One uses the spectrometer by pouring a sample of lake water, mixed with chemical reagents, into one of its 3D-printed compartments, and a control sample of tap water into another compartment. Then, the operator beams each sample with diffracted light (that is, light split into spectra of colors), and the presence of phosphates and nitrates can be detected, via computer analysis of images taken by a smartphone, by comparing the spectra in each sample.

Siman points out that while commercial spectrometers range from $1,200 to $3,400 and require a trained operator, her team’s spectrometer costs about $40 in parts and can be packaged in kits for use in K-12 classrooms. In fact, the spectrometer has been operated by students as young as the first grade, who used smartphones to photograph the differentiated spectra and upload the images to a central database for analysis. Erie Open Systems is working with Dave Shellhaas, director of curriculum at Midwest Regional Educational Service Center in Bellefontaine, Ohio, to create a curriculum for use in schools.

Siverts, also, through sponsoring organizations TIES and ALRW, has been integrating water treatment concepts into K-12 classrooms, giving lectures on water quality and taking students to water treatment and wastewater plants. Such educational efforts are characteristic of “citizen science,” a movement in which the public is encouraged to contribute to scientific research.

Protecting water resources

“Right now, science is very much directed to scientists or researchers, but that does not necessarily need to be true,” says Khakipoor who, through TIES, teaches a computer programming course (called “Bee a Coder”) which has elementary students communicate through coding activities that imitate the communicative “dance” of bees. “Because all of us, at the end of the day, are scientists – we all do experiments in our own lives.”

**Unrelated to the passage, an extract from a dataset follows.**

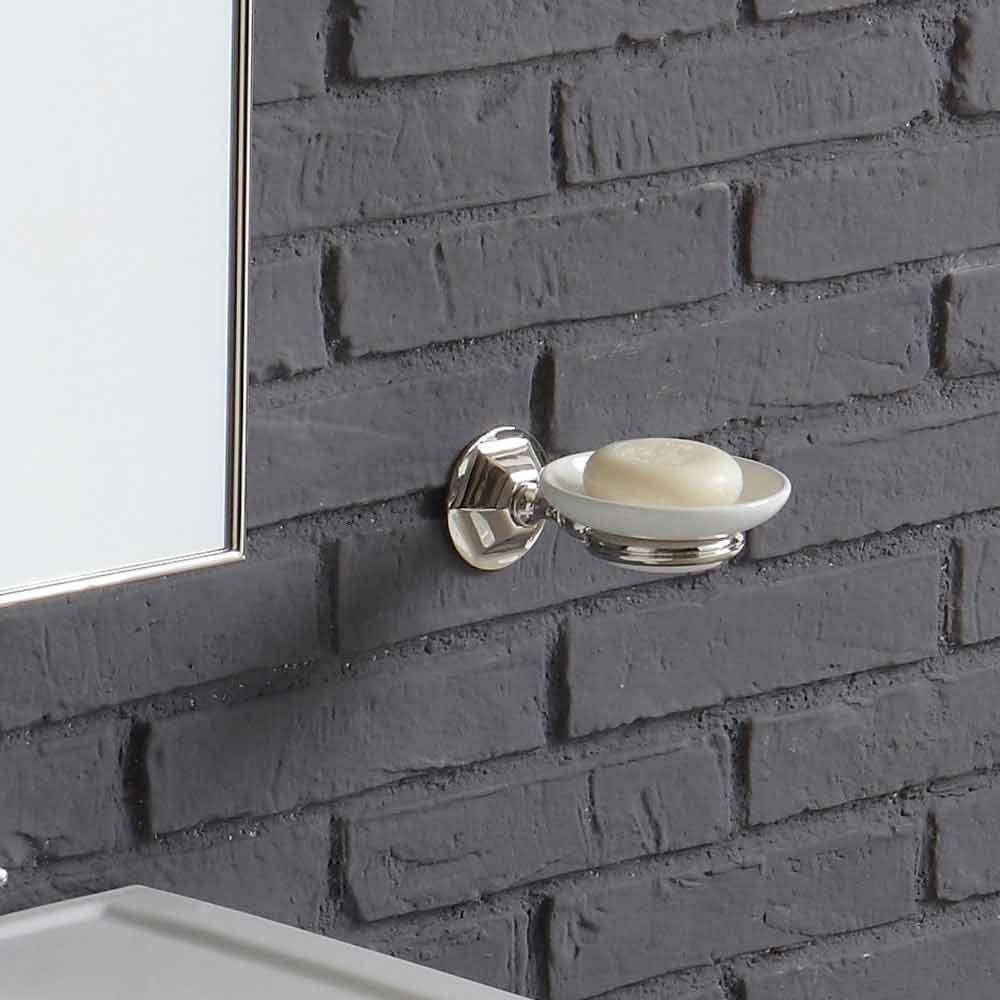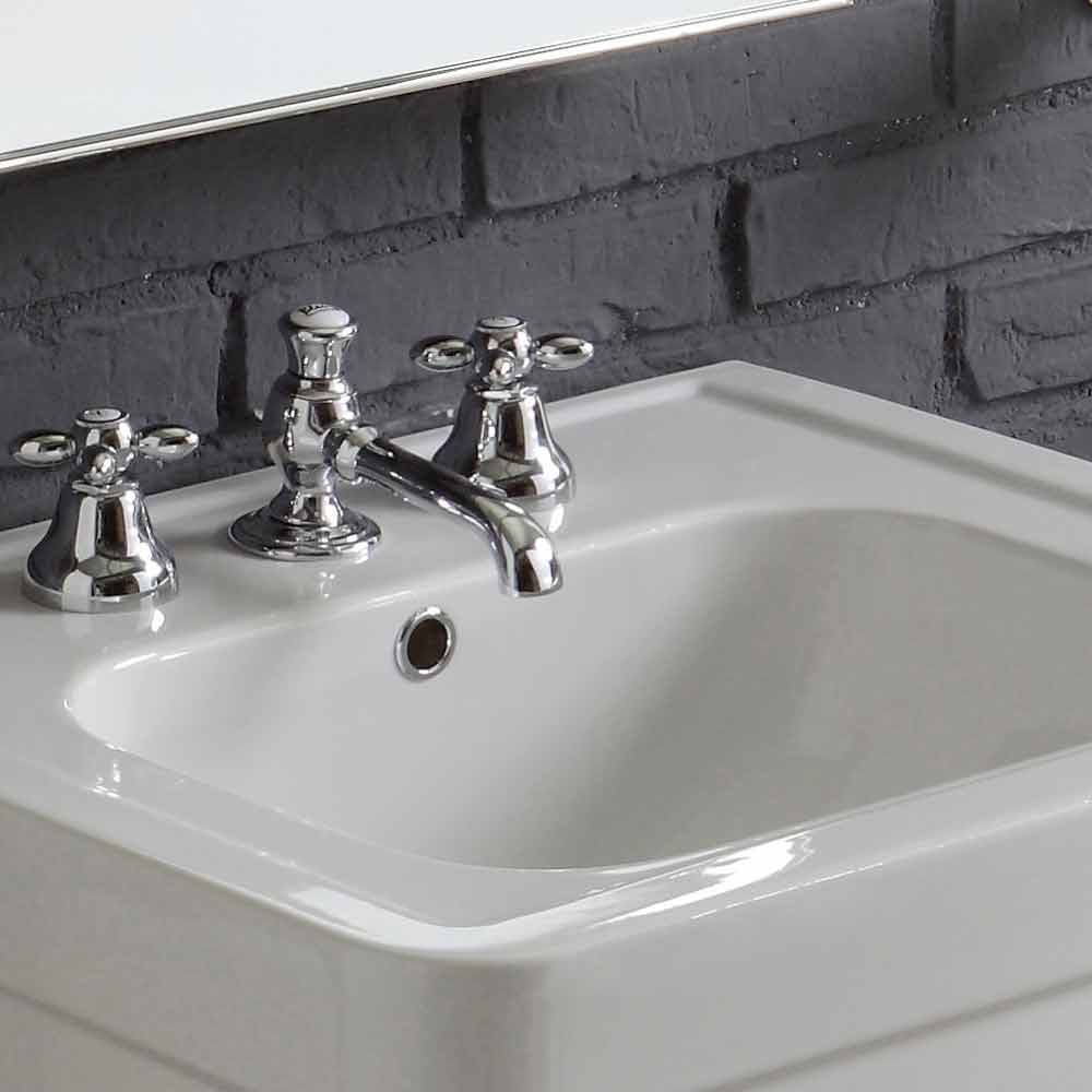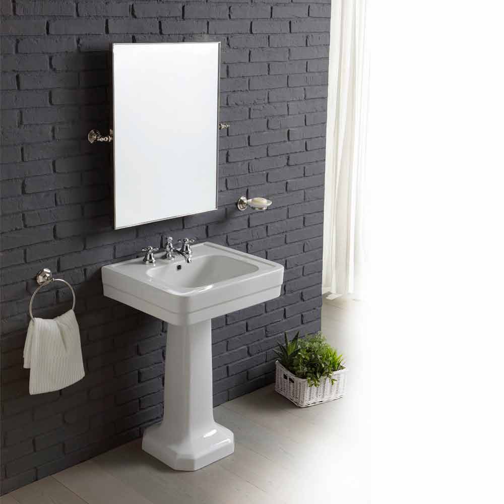 Delar som ingår i kompositionen: - Vitt keramiskt handfat. Mått: L. 50 cm x D. 40,5 cm - Vit keramikpelare. Mått: L. 37,5 cm x D. 35 cm x H. 69 cm - Knacka med avlopp - Sifon - Dränera - Rektangulär lutningsspegel med förkromad mässingsram cm. 76,5 x 57,5. - Ringhanddukshållare - Väggmonterad keramisk tvålhållare

Khakipoor and Siverts, through ALRW, are developing a computer system that uses artificial neural networks, loosely inspired by the thinking and learning process of the human brain, to better analyze data and predict the occurrence of HABS and dead zones in Lake Erie.

“I became interested in drinking water quality after living in California, where water is scarce and management is a social responsibility shared by all citizens,” Siverts say. “I see drinking water resources as our next big global issue.”